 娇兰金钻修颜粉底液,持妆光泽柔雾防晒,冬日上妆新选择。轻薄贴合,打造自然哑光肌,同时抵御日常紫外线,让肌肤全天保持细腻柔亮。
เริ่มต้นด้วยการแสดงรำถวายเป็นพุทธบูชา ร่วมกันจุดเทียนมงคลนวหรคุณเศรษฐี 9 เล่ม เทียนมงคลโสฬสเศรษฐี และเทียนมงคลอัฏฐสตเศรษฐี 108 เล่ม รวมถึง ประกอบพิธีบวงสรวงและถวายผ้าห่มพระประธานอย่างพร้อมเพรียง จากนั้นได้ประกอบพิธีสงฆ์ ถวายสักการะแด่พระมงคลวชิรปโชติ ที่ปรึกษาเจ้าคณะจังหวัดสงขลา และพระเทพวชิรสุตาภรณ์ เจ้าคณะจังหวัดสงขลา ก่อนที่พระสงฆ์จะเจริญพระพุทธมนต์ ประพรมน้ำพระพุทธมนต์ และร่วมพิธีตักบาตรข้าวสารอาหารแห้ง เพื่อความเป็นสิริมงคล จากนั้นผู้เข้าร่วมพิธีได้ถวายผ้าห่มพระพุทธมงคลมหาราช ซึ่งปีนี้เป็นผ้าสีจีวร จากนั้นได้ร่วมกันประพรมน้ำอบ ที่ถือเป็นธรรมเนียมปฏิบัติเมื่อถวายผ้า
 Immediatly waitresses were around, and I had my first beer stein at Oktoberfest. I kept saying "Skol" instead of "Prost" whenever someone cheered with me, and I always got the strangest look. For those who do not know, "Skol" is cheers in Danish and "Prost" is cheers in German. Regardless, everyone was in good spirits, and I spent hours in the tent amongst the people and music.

EXERCISE REQUIREMENTS: Your task is to restate, word for word, the line with "ร่วมกันจุดเทียนมงคลนวหรคุณเศรษฐี 9 เล่ม" and all lines after it, ending with the last line of the data.

ANSWER TO THE EXERCISE:
เริ่มต้นด้วยการแสดงรำถวายเป็นพุทธบูชา ร่วมกันจุดเทียนมงคลนวหรคุณเศรษฐี 9 เล่ม เทียนมงคลโสฬสเศรษฐี และเทียนมงคลอัฏฐสตเศรษฐี 108 เล่ม รวมถึง ประกอบพิธีบวงสรวงและถวายผ้าห่มพระประธานอย่างพร้อมเพรียง จากนั้นได้ประกอบพิธีสงฆ์ ถวายสักการะแด่พระมงคลวชิรปโชติ ที่ปรึกษาเจ้าคณะจังหวัดสงขลา และพระเทพวชิรสุตาภรณ์ เจ้าคณะจังหวัดสงขลา ก่อนที่พระสงฆ์จะเจริญพระพุทธมนต์ ประพรมน้ำพระพุทธมนต์ และร่วมพิธีตักบาตรข้าวสารอาหารแห้ง เพื่อความเป็นสิริมงคล จากนั้นผู้เข้าร่วมพิธีได้ถวายผ้าห่มพระพุทธมงคลมหาราช ซึ่งปีนี้เป็นผ้าสีจีวร จากนั้นได้ร่วมกันประพรมน้ำอบ ที่ถือเป็นธรรมเนียมปฏิบัติเมื่อถวายผ้า
 Immediatly waitresses were around, and I had my first beer stein at Oktoberfest. I kept saying "Skol" instead of "Prost" whenever someone cheered with me, and I always got the strangest look. For those who do not know, "Skol" is cheers in Danish and "Prost" is cheers in German. Regardless, everyone was in good spirits, and I spent hours in the tent amongst the people and music.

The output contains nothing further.